Sim. Foi eu atualizar e pronto ela ficou assim, já tentei o resete algumas vezes mas nada acontece. O que mais posso fazer?

----------


## Suporte Intelbras

Olá brunolmoura,

Possui o produto a quanto tempo?

----------


## brunolmoura

> Olá brunolmoura,
> 
> Possui o produto a quanto tempo?



Acho que desde o lançamento.

----------


## skydragon

> Acho que desde o lançamento.


Estou com o mesmo problema só que no meu trata-se de AP300 e Luz é Verde.

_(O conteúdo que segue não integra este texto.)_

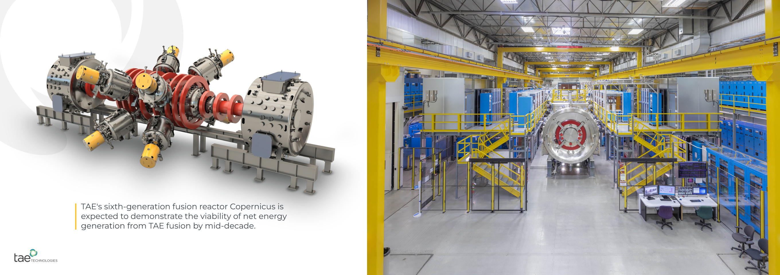 As the world leader in hydrogen-boron fusion research, TAE's non-radioactive approach represents the fastest, most practical, and economically competitive solution to bring abundant carbon-free energy to the grid. TAE's Copernicus reactor, which will be constructed in a 100,000-square-foot facility in Irvine, California, is designed to demonstrate the viability of achieving net energy generation with TAE's advanced beam-driven field-reversed configuration (FRC) - the penultimate step on TAE's path to commercialize clean fusion power.
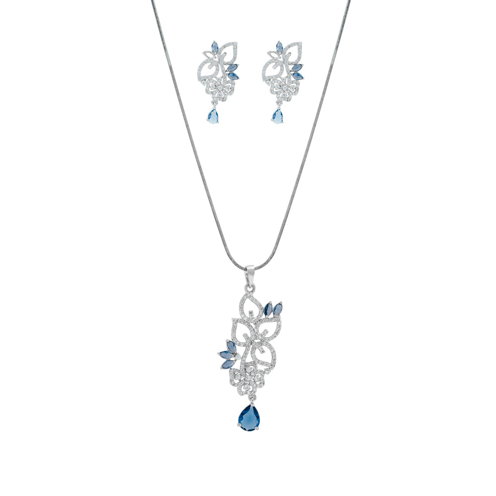 Product Description : American diamond Necklace Pendant chain jewelry set with matching blue color pair of Earrings.
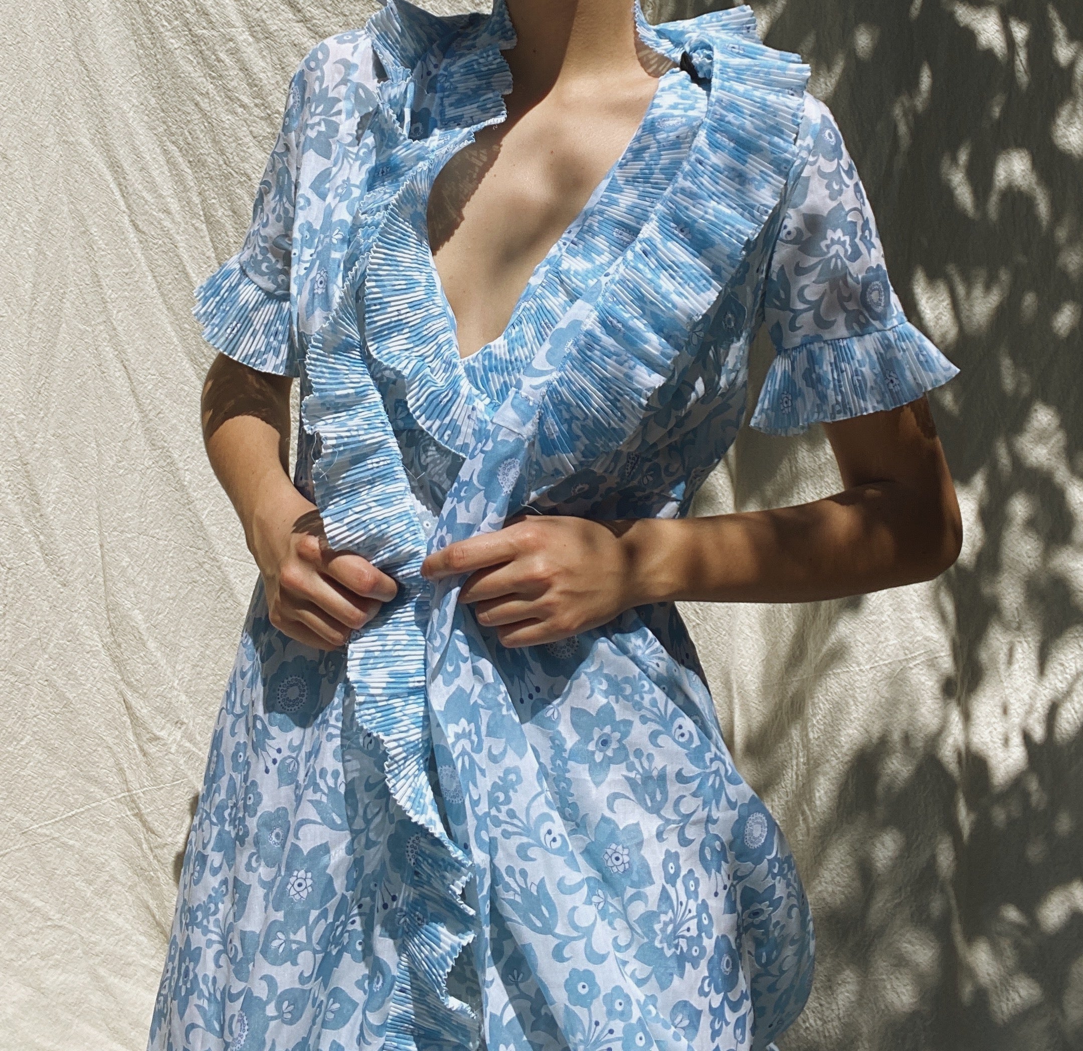 Romantic dress & robe set with sky blue and white flowers printed throughout a semi-sheer fabric. Ruffle details along the neckline of the dress, down the front and along the sleeves of the robe and on the hemline of both pieces.

O Diagnóstico é o mesmo citado acima.

O Que fazer para resolver?

----------


## Suporte Intelbras

> Estou com o mesmo problema só que no meu trata-se de AP300 e Luz é Verde.
> 
> O Diagnóstico é o mesmo citado acima.
> 
> O Que fazer para resolver?


Olá skydragon,

O LED verd fica aceso mesmo sem cabo de rede conectado?
Verifique também se o equipamento é encontrado pelo software Reset Tool.
http://backend.intelbras.com/sites/d....1451.jar_.zip

----------


## skydragon

> Olá skydragon,
> 
> O LED verd fica aceso mesmo sem cabo de rede conectado?
> Verifique também se o equipamento é encontrado pelo software Reset Tool.
> http://backend.intelbras.com/sites/d....1451.jar_.zip



Não ele Acende o LED Verde e com alguns segundos apaga, já tentei com esse Reset Tool e não encontra nada.

----------


## Suporte Intelbras

> Não ele Acende o LED Verde e com alguns segundos apaga, já tentei com esse Reset Tool e não encontra nada.


Olá skydragon,

Neste caso o equipamento possui um defeito físico, você deve encaminha-lo até uma de nossas assistências técnicas.

----------